Design and Implementation of a Unified Log Framework for Ctrip Payment Center

Background

Ctrip's payment center handles transaction, identity verification, and account services, requiring long‑term storage of intermediate data for audit and compliance. Diverse applications generate massive, heterogeneous logs, creating challenges for storage, retrieval, and analysis, prompting the development of a unified log framework.

Overall Architecture

The framework consists of three core modules: log production, log collection, and log parsing. Applications send logs to Kafka via a custom Log4j2 appender, Camus jobs periodically consume Kafka topics and write data to HDFS, and a T+1 MapReduce job loads the data into Hive tables.

Log Production – Unified Log Component

Developers integrate a Log4j2‑based component that forwards logs to Kafka. The component uses AOP for low‑intrusiveness, defines rich Java annotations for configurable output (class name, method name, parameters, return values, exceptions, and sensitive‑field masking), and supports multiple underlying log frameworks (CLOG, CAT, ES).

Advantages:

Extensible Appender mapping for various log frameworks.

Low‑intrusive AOP integration.

Rich annotation‑driven configuration enabling detailed, sanitized logs.

Issues identified:

Inconsistent log formats across hundreds of services.

Short storage retention (online CLOG only recent days, Hive tables limited to T+2).

To address these, the team extended the component with a unified logging schema.

3.1 Unified Log – Field Design

Logs are structured as JSON with two main parts: tag (a Map for searchable key‑value pairs) and message (raw log). Standard fields include serviceName, tag, message, request, response, requesttime, responsetime, etc. Additional flexible fields such as version, platform, and reference number are also defined.
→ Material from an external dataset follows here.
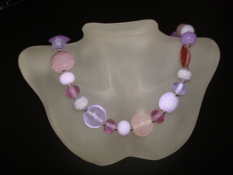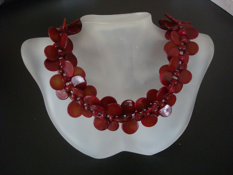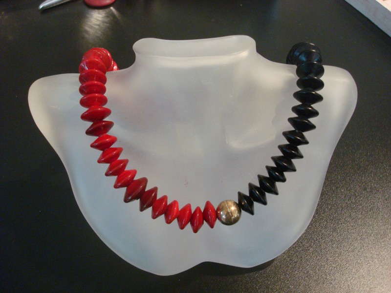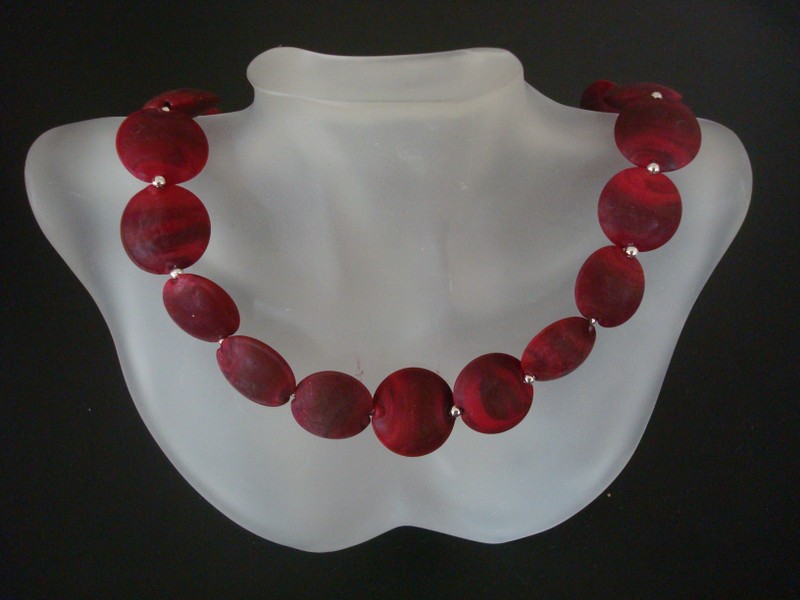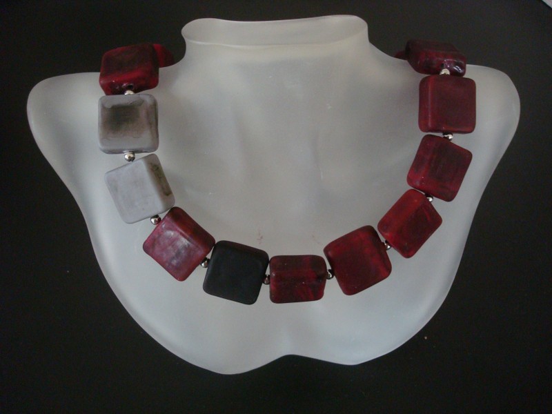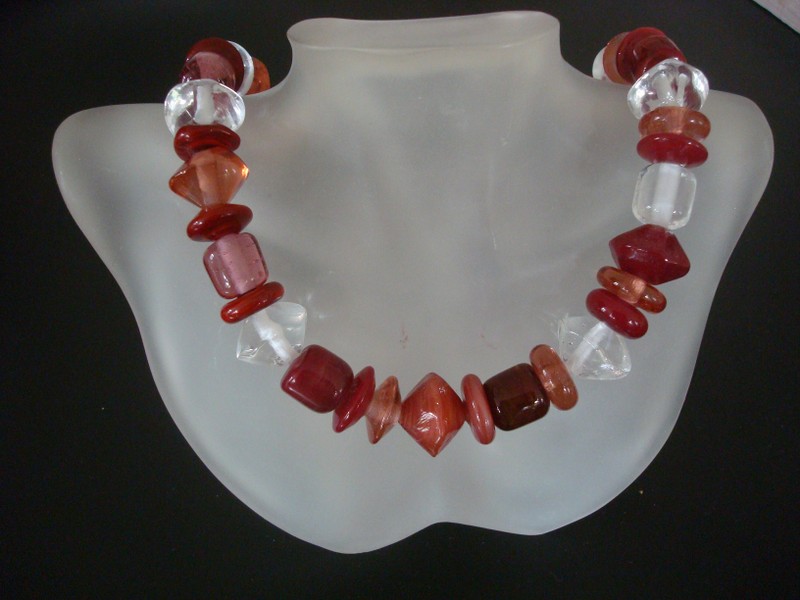 Glaskette, dunkelrot braun, klar, 47 cm.

Common fields automatically captured without developer code include applicationId and logTime.

Log Collection

The collection layer builds on LinkedIn's open‑source Camus, which reads Kafka data via MapReduce and writes to HDFS. Customizations include:

Custom decoder/partitioner to generate business‑meaningful HDFS paths instead of coarse date‑based directories.

Custom provider to write ORC files (instead of large text files), reducing storage footprint and improving query performance.

4.1 Camus Job Execution

Execution frequency must balance Kafka retention (3 days, 10 GB per partition) to avoid data loss. Overlapping tasks can cause offset misalignment, requiring manual cleanup.

The earliest offset was found to be more than the current offset

Task overlap may also produce file size mismatches:

Error: java.io.IOException: target exists.the file size(614490 vs 616553) is not the same.

4.2 Controlling Camus Output File Size

Imbalanced partition writes can create oversized HDFS files that hinder parallel processing. Mitigations include distributing logs across Kafka partitions and using splittable input formats.

4.3 ORC File Writing Considerations

ORC writes may timeout after 600 seconds:

AttemptID:attempt_1587545556983_2611216_m_000001_0 Timed out after 600 secs

Solution: increase task timeout:

mapreduce.task.timeout=1200000

OOM errors during ORC writes require more mapper memory:

beyond physical memory limits. Current usage: 2.5 GB of 2.5 GB physical memory used; 4.2 GB of 5.3 GB virtual memory used. Killing container.

Adjusted settings:

mapreduce.map.memory.mb=8096

mapreduce.map.java.opts=-Xmx6000m

Log Parsing

Parsing runs on the Map side of MapReduce, allowing easy scaling by adjusting the number of mappers. Optimizations include:

InputSplit optimization : managing file count and splitability to avoid excessive small files or single‑mapper bottlenecks.

Shuffle optimization : adding timestamps or custom partitioners to reduce data skew.

Batch parsing : using MultipleInputs/MultipleOutputs to handle hundreds of business processes in a single job.

Empty file handling : employing LazyOutputFormat to prevent zero‑size files that stress the NameNode.

File duplication avoidance : catching exceptions on the Reduce side to delete duplicate files and abort faulty tasks.

These measures reduced daily full‑log parsing time from several hours to about 25 minutes, and after switching to ORC+Snappy and implementing a CombineFileInputFormat, performance stabilized.

Log Governance

Daily new ORC data reaches terabytes, so logs are tiered by purpose (debug, audit, analysis) with different retention policies. Business‑based partitioning creates many small files; a TTL and file‑merge process mitigates NameNode pressure.

Conclusion and Outlook

Current pipelines process TB‑scale logs within 30 minutes. Future plans include migrating the log system to ClickHouse for real‑time analytics to support fine‑grained operational insights.